Эшелон с нашими танками прибыл под Ковель к вечеру 9 июля и разгрузился на станции Маневичи. 166-й инженерно-танковый полк в полном составе сосредоточился в кустарнике, примерно в пяти километрах западнее Ковеля.
Здесь мы узнали, что противник, удерживавший Ковель, несколько дней назад внезапно отошел на двадцать километров, оставив основательно оборудованные позиции. Попытавшийся его преследовать 11-й танковый корпус встретил заблаговременно подготовленную оборону и понес большие потери.
Отход на новый рубеж был, очевидно, предпринят фашистами в порядке «эластичной обороны». Увидев, что сильно выдвинутая вперед линия их фронта под Ковелем таит в себе опасность окружения, они приняли решение заранее вывести войска из-под удара, поступившись территорией.
Сосредоточившиеся под Ковелем войска 8-й гвардейской армии (бывшей 62-й) с приданными ей средствами усиления входили в состав левого крыла 1-го Белорусского фронта и предназначались для проведения новой наступательной операции.
Танкисты очень гордились тем, что им предстояло действовать в рядах прославленной армии, вынесшей на своих плечах всю тяжесть боев за Сталинград, под командованием прославленного полководца генерала В. И. Чуйкова.
В дни подготовки к наступательной операции шло усиленное обучение экипажей тральщиков, практически отрабатывались их совместные действия с танками непосредственной поддержки пехоты, саперами и гвардейскими стрелковыми подразделениями при прорыве обороны противника.

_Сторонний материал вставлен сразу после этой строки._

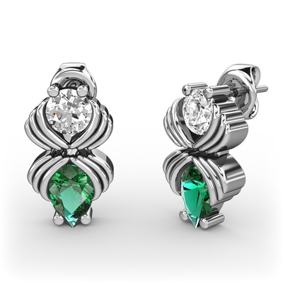 Yeşil kuvars ve pırlanta 925 ayar gümüş küpe (0.48 karat)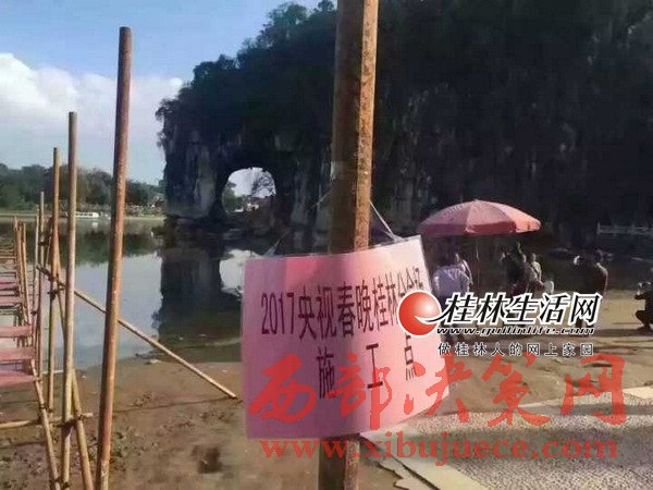 為了真正體現(xiàn)東西南北中,全民大聯(lián)歡,2017年央視春晚延續(xù)2016年春晚特色,特別設置了東西南北四大分會場,桂林憑借秀美的山水風光和厚重的歷史文化底蘊,被確定為2017年央視春晚南方分會場。17日上午,景俊海一行來到2017年央視春晚桂林分會場外景地象山景區(qū)。象鼻山被薄霧籠罩,如夢似幻,漓江煙波渺渺,美不勝收,山水和諧相融構成了中國南方最具代表性的自然美景。從11月12日起,春晚桂林分會場舞臺搭建工作已經(jīng)進場,工人正在用一根根鋼管搭建水上舞臺。

Для этого в тылу наших войск были воспроизведены вражеские оборонительные позиции и созданы минные поля с использованием мин. 13 июля, после одного из таких практических занятий, командарм Чуйков собрал в большой палатке штаба армии командиров стрелковых корпусов, дивизий и частей усиления.
Мы с Лукиным появились в палатке одними из первых. Доложив о прибытии, уселись в углу на раскладных стульчиках. Чуйков и начальник штаба армии полковник В. А. Белявский что-то обсуждали, наклонившись над картой. Когда все собрались, командарм окинул присутствующих быстрым взглядом и заговорил своим низким грубоватым голосом:
— Проведенные занятия показали неплохую слаженность подразделений различных родов войск. С завтрашнего дня — проводить планомерные рекогносцировки переднего края обороны противника на направлениях атак. Организовать самые тщательные рекогносцировки во всех звеньях. Штабу армии проверить, — кивнул он в сторону Белявского, который тут же встал, давая понять, что приказ принят к исполнению.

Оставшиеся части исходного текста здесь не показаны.